Standing there, he was smiling to himself when Naheed the seamstress hurried out of her house and asked him to please go up there and quickly post this letter, brother-ji. In the months to come she would debate with herself whether or not to let anyone know that she had been one of the people who had seen Jugnu during that predawn hour. The letter was to her sister, who lived in Bangladesh, and she wanted it kept a secret from her husband: during a visit to Pabna over a decade ago, the man had been accused of assault by Naheed’s younger sister, and, shouting down the girl’s claims, he had forbidden Naheed to communicate with her family. Naheed wrote to her parents and sister whenever she had the opportunity and posted the letters while he was asleep, on occasions going out into the street in the middle of the night.

If I tell the police about having met Jugnu,
she would write in a letter to her sister several weeks after that dawn,
he would want to know what I was
doing out at that hour, talking to other men. And the police visits to the house
and questionings would abrade his vindictive nature.

As for the barber and his taxi-driver son—who were the other two people to have seen Jugnu by that time that day—they would not wish to get involved because they feared the quail fighting would land them in trouble with the law.

After posting the letter for Naheed the seamstress—a letter that had been sealed with dabs of chappati dough because the tube of glue was somewhere upstairs and Naheed hadn’t wanted to go looking for it lest she wake her husband—Jugnu continued up the maple-lined street, towards the corner where the mosque was situated.

The street lights were still on and they cast an apricot glow on the pavement.

As Jugnu walked past the mosque door, Shaukat Ahmed, who had a knitwear stall in the covered market, came out and, on seeing Jugnu, asked him grimly to step in and look at the cleric. (“I always thought he was a doctor!” he would say of Jugnu later.) The cleric was talking slowly with his last breaths, and wanted to be laid out on his prayer mat. He used a cured deerskin as prayer mat and Jugnu brought it to him from where it lay folded and spread it.

As the news of the cleric’s death spread in a short while, there would be a large gathering of people in the mosque, but when Jugnu went in there was only a handful of people, listening to the cleric, the American president’s letter crumpled in his right hand.

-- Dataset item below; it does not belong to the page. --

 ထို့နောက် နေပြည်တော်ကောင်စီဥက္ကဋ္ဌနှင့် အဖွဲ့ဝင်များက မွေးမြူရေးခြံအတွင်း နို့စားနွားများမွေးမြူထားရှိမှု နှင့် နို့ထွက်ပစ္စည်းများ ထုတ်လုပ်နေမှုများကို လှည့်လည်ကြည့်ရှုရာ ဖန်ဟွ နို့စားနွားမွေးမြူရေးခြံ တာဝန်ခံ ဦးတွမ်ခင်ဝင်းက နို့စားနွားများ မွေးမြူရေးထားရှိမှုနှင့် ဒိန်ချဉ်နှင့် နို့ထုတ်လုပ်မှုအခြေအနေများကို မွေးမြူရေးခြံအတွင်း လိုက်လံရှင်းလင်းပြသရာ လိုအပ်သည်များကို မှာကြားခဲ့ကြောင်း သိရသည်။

Everyone except Jugnu was terrified by what the old man was saying: The “bearded figure” in his dream, referred hitherto as just a saint, had been none other than the Prophet Muhammad, peace be upon him. The cleric had kept this fact from the Muslims due to humility: “I did not want to appear to be a braggart. I am not one of those over-zealous men to whom Gabriel would appear to be a poor catch: they would want to track God.”

Jugnu left the mosque after the misunderstanding about him being a doctor had been cleared up.

To contemplate that the Prophet Muhammad can be wrong—on anything—was to risk a deep spiritual trauma; and so, after the cleric died, soon after Jugnu departed, the men who had been present at the deathbed decided that what the dying man had revealed to them should never be made public. These men would not come forward to testify officially that they had seen Jugnu that dawn. They would have, of course, talked to some of their most-intimate friends or to their wives about meeting Jugnu in the mosque if they had decided to keep quiet for some other reason—say, that they did not want to get involved in a murder inquiry. But this was a matter of religion.

All except one of them would remain utterly silent. And the one who would speak would say to his wife, “When I saw Jugnu I knew he was as good as dead. I knew Chanda’s brothers were waiting for them to come back from Pakistan to kill them. Had my sister set up home with someone that shamelessly, I would have dissolved them both in acid much sooner.”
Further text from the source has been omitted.